- _Given data_

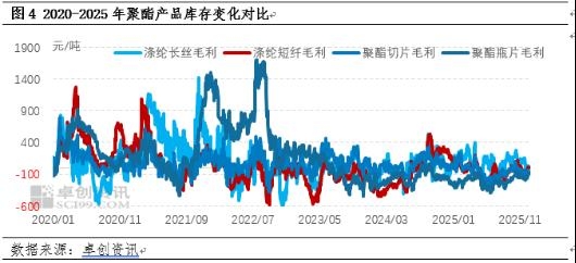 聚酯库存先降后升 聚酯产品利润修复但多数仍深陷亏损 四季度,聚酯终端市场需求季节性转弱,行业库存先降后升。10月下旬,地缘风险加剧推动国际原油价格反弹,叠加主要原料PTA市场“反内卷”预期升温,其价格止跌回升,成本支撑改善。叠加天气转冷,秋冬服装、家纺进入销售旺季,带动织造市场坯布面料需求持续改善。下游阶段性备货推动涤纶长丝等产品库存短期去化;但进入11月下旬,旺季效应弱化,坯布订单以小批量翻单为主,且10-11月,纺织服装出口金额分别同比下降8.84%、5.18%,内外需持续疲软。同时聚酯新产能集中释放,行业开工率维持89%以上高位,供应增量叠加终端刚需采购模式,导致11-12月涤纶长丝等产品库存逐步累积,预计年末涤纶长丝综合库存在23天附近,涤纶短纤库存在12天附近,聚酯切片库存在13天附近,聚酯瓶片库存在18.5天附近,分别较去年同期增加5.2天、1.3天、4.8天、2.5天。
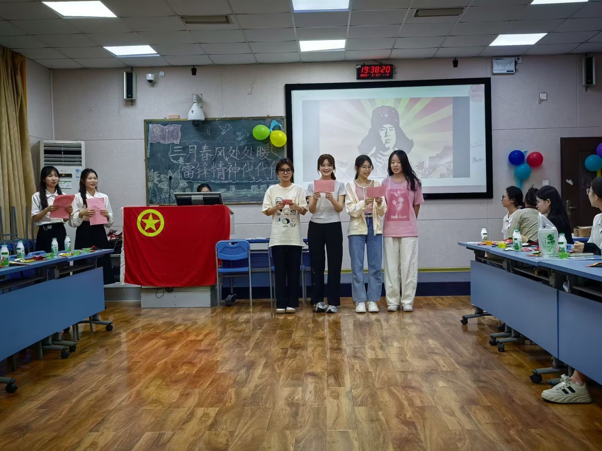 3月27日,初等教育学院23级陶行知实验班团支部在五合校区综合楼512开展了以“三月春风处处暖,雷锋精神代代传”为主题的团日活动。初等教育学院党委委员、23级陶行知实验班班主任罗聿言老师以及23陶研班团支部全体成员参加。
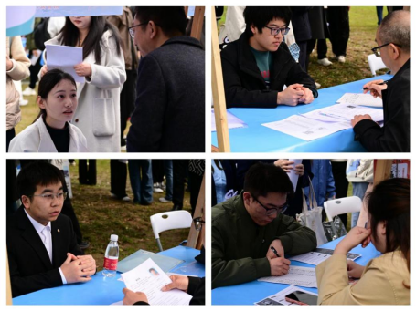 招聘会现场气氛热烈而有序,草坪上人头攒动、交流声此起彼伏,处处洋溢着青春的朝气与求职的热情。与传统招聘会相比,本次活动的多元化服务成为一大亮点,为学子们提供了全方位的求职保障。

- _Exercise requirements_
Images in the data above are to be skipped. Retype all other material exactly.

- _Answer for the task_
 聚酯库存先降后升 聚酯产品利润修复但多数仍深陷亏损 四季度,聚酯终端市场需求季节性转弱,行业库存先降后升。10月下旬,地缘风险加剧推动国际原油价格反弹,叠加主要原料PTA市场“反内卷”预期升温,其价格止跌回升,成本支撑改善。叠加天气转冷,秋冬服装、家纺进入销售旺季,带动织造市场坯布面料需求持续改善。下游阶段性备货推动涤纶长丝等产品库存短期去化;但进入11月下旬,旺季效应弱化,坯布订单以小批量翻单为主,且10-11月,纺织服装出口金额分别同比下降8.84%、5.18%,内外需持续疲软。同时聚酯新产能集中释放,行业开工率维持89%以上高位,供应增量叠加终端刚需采购模式,导致11-12月涤纶长丝等产品库存逐步累积,预计年末涤纶长丝综合库存在23天附近,涤纶短纤库存在12天附近,聚酯切片库存在13天附近,聚酯瓶片库存在18.5天附近,分别较去年同期增加5.2天、1.3天、4.8天、2.5天。
 3月27日,初等教育学院23级陶行知实验班团支部在五合校区综合楼512开展了以“三月春风处处暖,雷锋精神代代传”为主题的团日活动。初等教育学院党委委员、23级陶行知实验班班主任罗聿言老师以及23陶研班团支部全体成员参加。
 招聘会现场气氛热烈而有序,草坪上人头攒动、交流声此起彼伏,处处洋溢着青春的朝气与求职的热情。与传统招聘会相比,本次活动的多元化服务成为一大亮点,为学子们提供了全方位的求职保障。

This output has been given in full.